Tag Archives: Naivete

Russia launches armed invasion of Crimea region of Ukraine

Fox News reports.

Excerpt:

Russian troops moved into Crimea Friday, U.S. officials told Fox News, prompting Ukraine to accuse Russia of an “armed invasion.”

At the White House, President Obama said the U.S. government is “deeply concerned” by reports of Russian “military movements” and warned any violation of Ukraine’s sovereignty would be “deeply destabilizing.”

“There will be costs” for any military intervention, he said, without specifying what those costs might be.

U.S. officials told Fox News they see “evidence of air and maritime movement into and out of Crimea by Russian forces” although the Pentagon declined to officially “characterize” the movement.
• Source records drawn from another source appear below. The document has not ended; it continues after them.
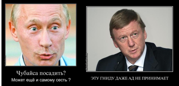 Карикатура на Чубайса - это забавное и остроумное изображение известного российского предпринимателя и политика Анатолия Чубайса. Возможно, карикатура подчеркивает особенности его внешности или выражает некоторые его характеристики и действия в сатирической форме. Такие карикатуры часто используются для передачи политических и социальных комментариев, а также для вызова улыбок и размышлений у зрителей. Они позволяют нам по-новому взглянуть на известную личность и может быть использованы в различных контекстах - от печатных изданий до интернет-мемов. Карикатуры на Чубайса могут иметь различные стили и подходы, но их цель всегда одна - вызвать эмоции и заставить задуматься о том, что происходит вокруг нас.
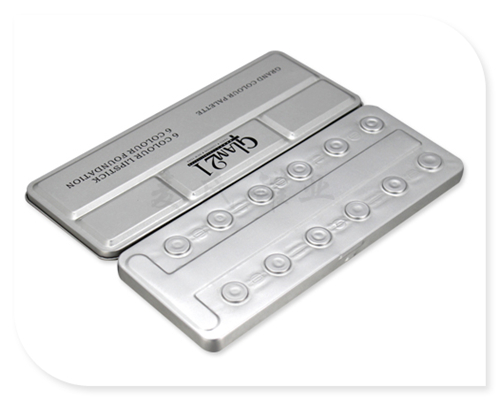 這款12色眼影彩妝鐵盒,是常規(guī)的化妝工具包裝產(chǎn)品,鐵盒風格參照了KR彩妝鐵盒進行設(shè)計。鐵盒依舊為鐵線翻蓋鉸位,蓋面與底部都有激凸工藝處理,而蓋面為提升效果的矩形平雕工藝,而底部為適合十二色規(guī)格的彩妝盤雕刻,而彩妝盤雕刻可根據(jù)客戶的需求進行制作八色、二十四色等。
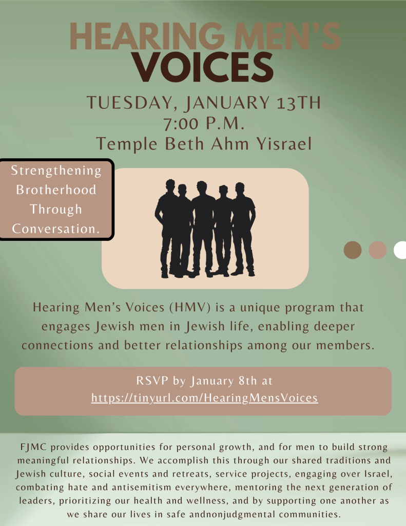Hearing Men’s Voices (HMV) is a unique program that engages Jewish men in Jewish life, enabling deeper connections and better relationships among our members.
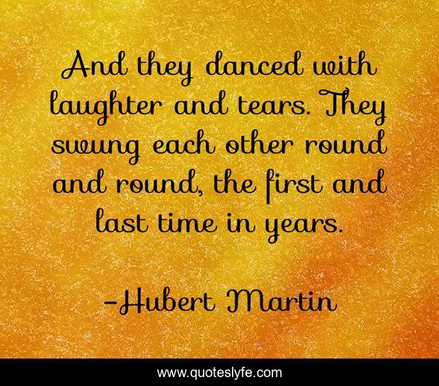 This page presents the quote "And they danced with laughter and tears. They swung each other round and round, the first and last time in years.". Author of this quote is Hubert Martin. This quote is about love, honesty, intelligence, deep, sleep, best, poem, confidence, humor,.
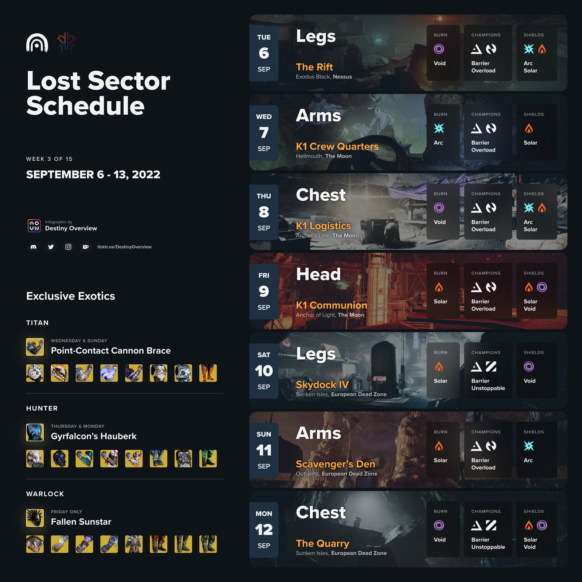 Destiny Overview on Twitter "Lost Sector Schedule returns with this
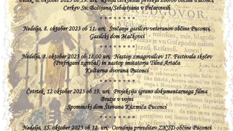 - Petek, 6. oktober 2023 ob 19. uri: Revija cerkvenih pevskih zborov občine Puconci v cerkvi Sv. Boštjana/Sebastjana v Pečarovcih.
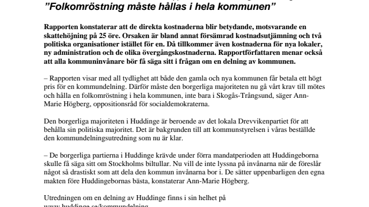 – Rapporten visar med all tydlighet att både den gamla och nya kommunen får betala ett högt pris för en kommundelning. Därför måste den borgerliga majoriteten nu gå vårt krav till mötes och hålla en folkomröstning i hela kommunen, inte bara i Skogås-Trångsund, säger Ann-Marie Högberg, oppositionsråd för socialdemokraterna.
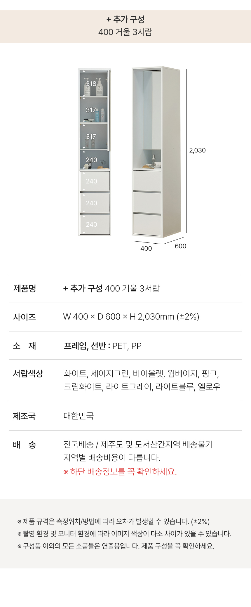 | 기사님 방문 시 제품에 이상이 없을 경우, 왕복 배송비는 고객 부담입니다. | |

Agence France Press quoted a top Ukranian official as saying Russian aircraft carrying nearly 2,000 suspected troops have landed at a military air base near the regional capital of the restive Crimean peninsula.

“Thirteen Russian aircraft landed at the airport of Gvardeyskoye (near Simferopol) with 150 people in each one,” Sergiy Kunitsyn, the Ukrainian president’s special representative in Crimea, told the local ATR television channel, according to AFP. He accused Russia of an “armed invasion.”

The new developments prompted Ukraine to accuse Russia of a “military invasion and occupation” — a claim that brought an alarming new dimension to the crisis.

[Republican] Mike Rogers, chairman of the House Select Committee on Intelligence, issued a statement late Friday saying, “It appears that the Russian military now controls the Crimean peninsula.  This aggression is a threat not only to Ukraine, but to regional peace and stability.  Russia’s latest action is yet another indicator that Vladimir Putin’s hegemonic ambitions threaten U.S. interests and allies around the world.”

Why would Russia be so bold about landing troops in the Ukraine? Well, what have they learned about Obama?

Obama mocked the idea that Russia was our enemy

Remember when Obama said this about Romney?

“The 1980s are calling to ask for their foreign policy back” Obama told Romney, in one debate. And this lack of seriousness about Russia caused Obama to bungle the European missile defense deal with Russia, such that Obama basically gave away the store.

The radically leftist UK Guardian explains in this September 2009 article:

Barack Obama has abandoned the controversial Pentagon plan to build a missile defence system inEurope that had long soured relations with Russia.

In one of the sharpest breaks yet with the policies of the Bush administration, Obama said the new approach would offer “stronger, swifter and smarter” defence for the US and its allies. He said it would focus on the threat posed by Iran’s short- and medium-range missiles, rather than its intercontinental nuclear capabilities.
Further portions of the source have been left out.